**PROBLEM REQUIREMENTS**
Print, exactly as written, the line in the entries below that contains "甘谷县地处甘肃省东南部,渭河" and every line after it up to and including the last. Omit pictures.

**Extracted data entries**
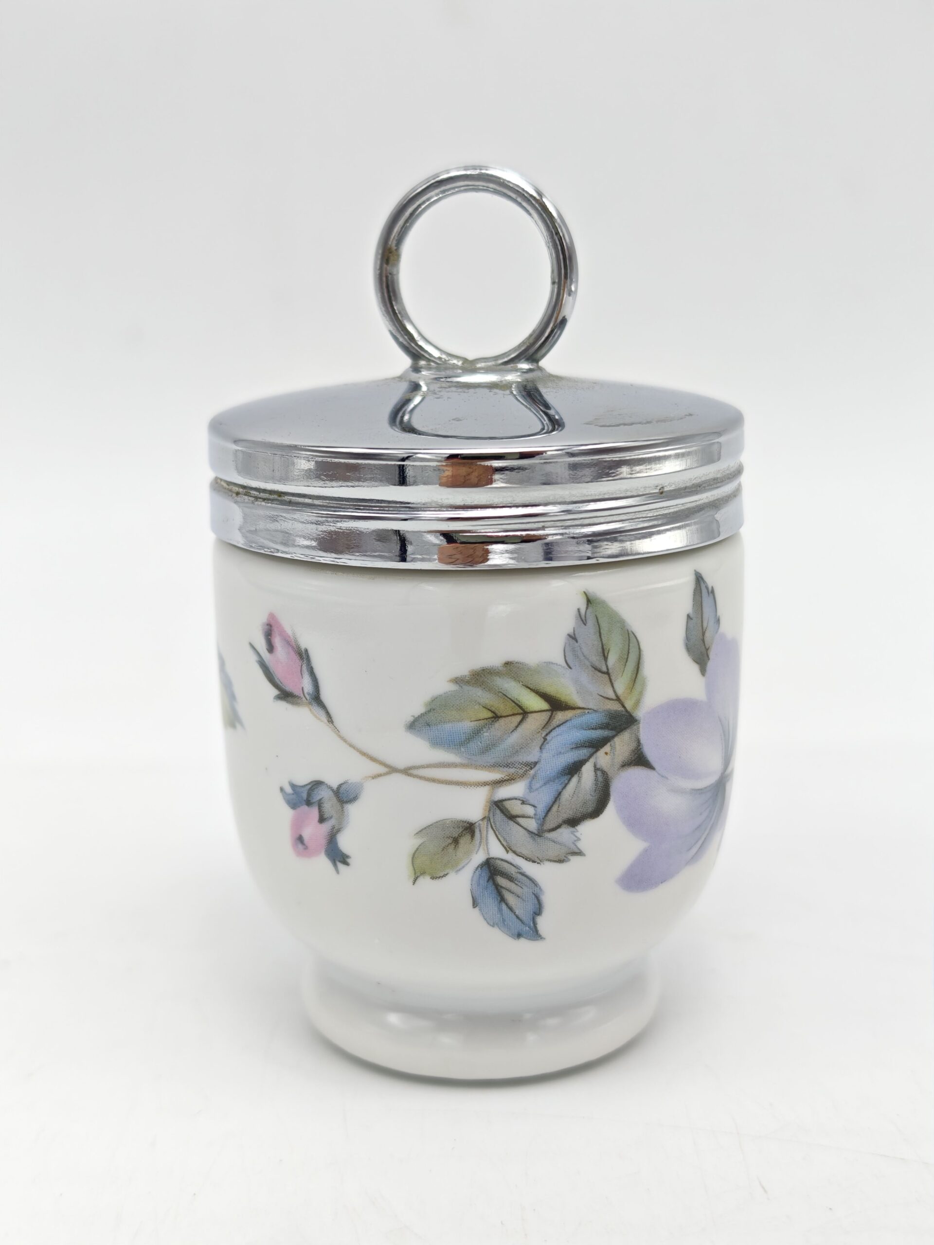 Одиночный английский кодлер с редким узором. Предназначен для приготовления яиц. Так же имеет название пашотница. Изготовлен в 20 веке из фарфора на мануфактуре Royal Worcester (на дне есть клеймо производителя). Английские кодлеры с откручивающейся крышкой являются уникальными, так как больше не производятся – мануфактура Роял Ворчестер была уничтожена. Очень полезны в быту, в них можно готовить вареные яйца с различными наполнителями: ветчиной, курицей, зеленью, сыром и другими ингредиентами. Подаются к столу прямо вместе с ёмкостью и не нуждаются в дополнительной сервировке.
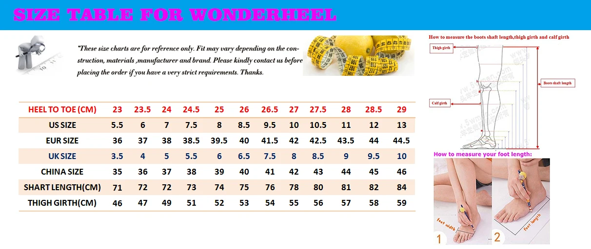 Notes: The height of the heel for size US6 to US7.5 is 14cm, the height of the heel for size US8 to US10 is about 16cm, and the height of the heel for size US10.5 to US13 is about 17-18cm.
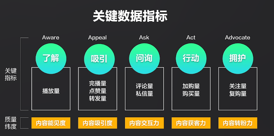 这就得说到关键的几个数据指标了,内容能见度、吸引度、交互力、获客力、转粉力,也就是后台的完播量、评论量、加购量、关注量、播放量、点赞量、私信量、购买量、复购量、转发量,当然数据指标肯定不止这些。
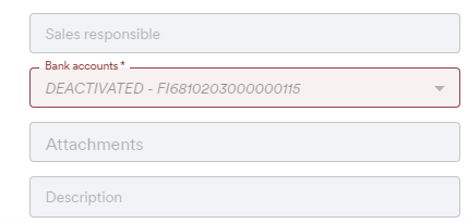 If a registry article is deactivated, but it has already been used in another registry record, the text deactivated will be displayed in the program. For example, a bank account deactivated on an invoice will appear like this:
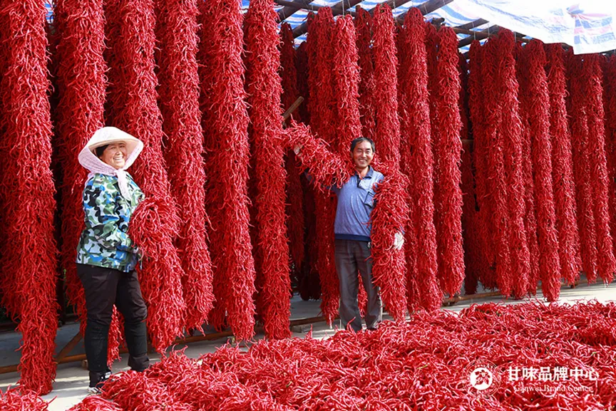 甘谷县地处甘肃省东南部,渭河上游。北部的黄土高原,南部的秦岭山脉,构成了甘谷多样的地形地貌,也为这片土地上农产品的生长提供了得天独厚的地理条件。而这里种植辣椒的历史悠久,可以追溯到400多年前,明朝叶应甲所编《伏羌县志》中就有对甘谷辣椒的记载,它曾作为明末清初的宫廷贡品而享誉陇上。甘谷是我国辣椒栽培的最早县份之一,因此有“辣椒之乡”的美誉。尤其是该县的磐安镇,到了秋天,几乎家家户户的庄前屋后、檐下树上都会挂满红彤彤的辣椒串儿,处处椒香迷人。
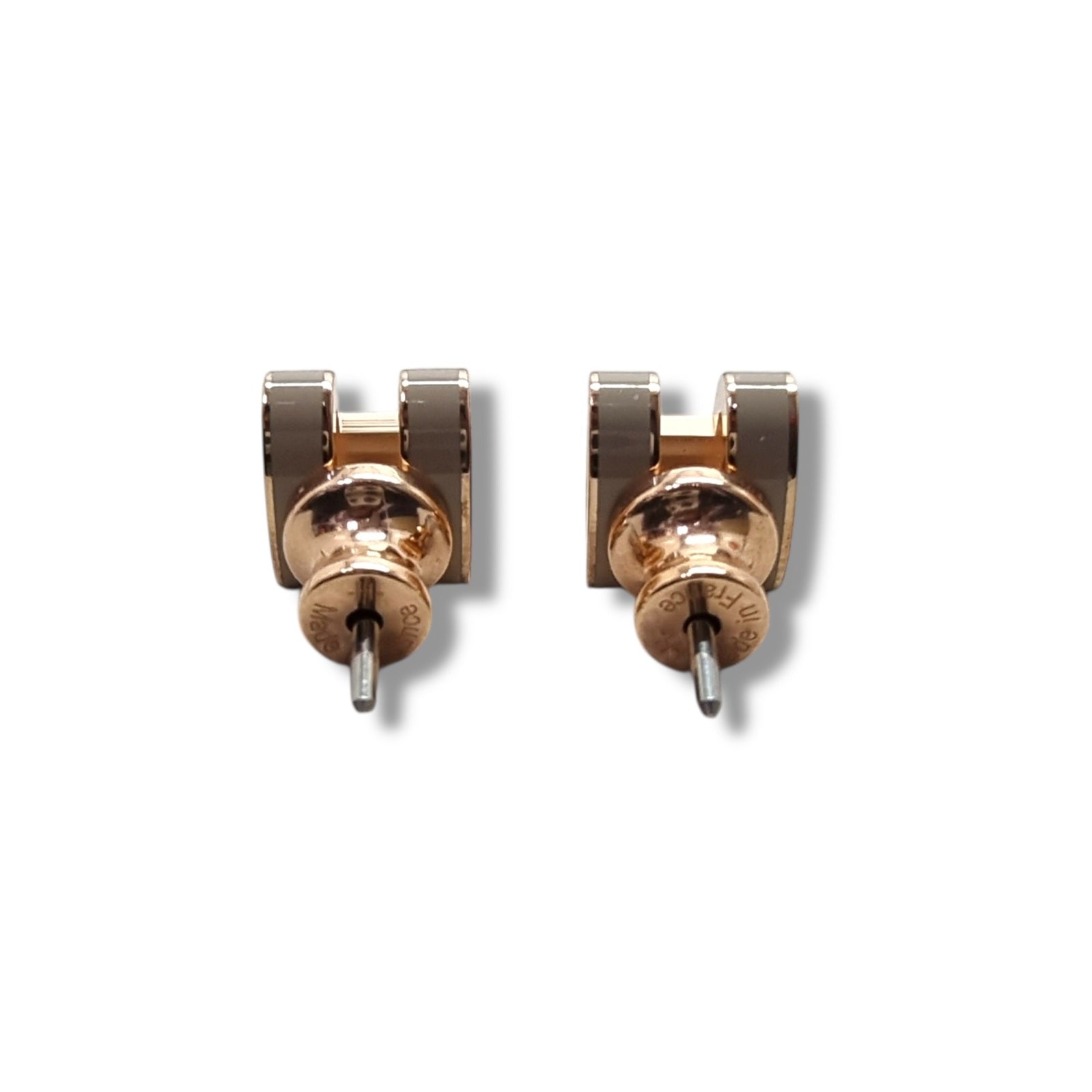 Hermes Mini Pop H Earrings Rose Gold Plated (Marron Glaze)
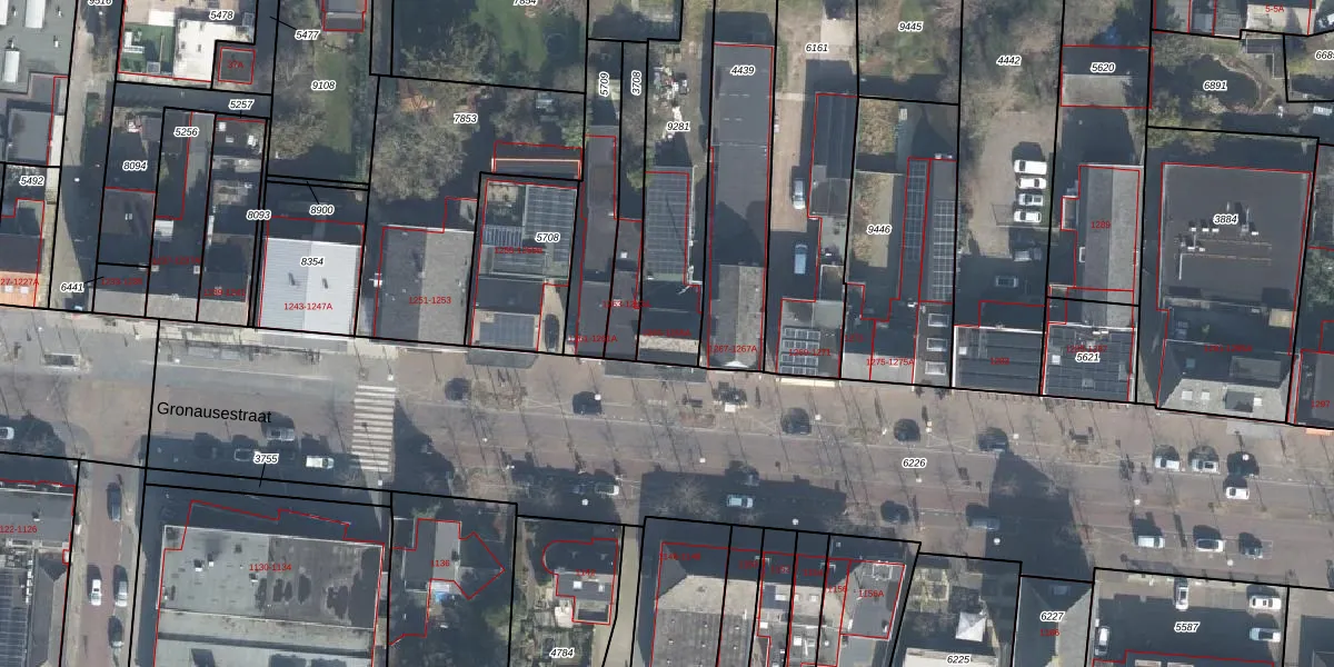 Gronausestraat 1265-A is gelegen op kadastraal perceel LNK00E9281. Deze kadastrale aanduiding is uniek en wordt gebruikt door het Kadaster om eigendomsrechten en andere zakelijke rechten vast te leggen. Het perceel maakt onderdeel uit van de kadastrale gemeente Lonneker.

**RESULT FOR THIS EXERCISE**
 甘谷县地处甘肃省东南部,渭河上游。北部的黄土高原,南部的秦岭山脉,构成了甘谷多样的地形地貌,也为这片土地上农产品的生长提供了得天独厚的地理条件。而这里种植辣椒的历史悠久,可以追溯到400多年前,明朝叶应甲所编《伏羌县志》中就有对甘谷辣椒的记载,它曾作为明末清初的宫廷贡品而享誉陇上。甘谷是我国辣椒栽培的最早县份之一,因此有“辣椒之乡”的美誉。尤其是该县的磐安镇,到了秋天,几乎家家户户的庄前屋后、檐下树上都会挂满红彤彤的辣椒串儿,处处椒香迷人。
 Hermes Mini Pop H Earrings Rose Gold Plated (Marron Glaze)
 Gronausestraat 1265-A is gelegen op kadastraal perceel LNK00E9281. Deze kadastrale aanduiding is uniek en wordt gebruikt door het Kadaster om eigendomsrechten en andere zakelijke rechten vast te leggen. Het perceel maakt onderdeel uit van de kadastrale gemeente Lonneker.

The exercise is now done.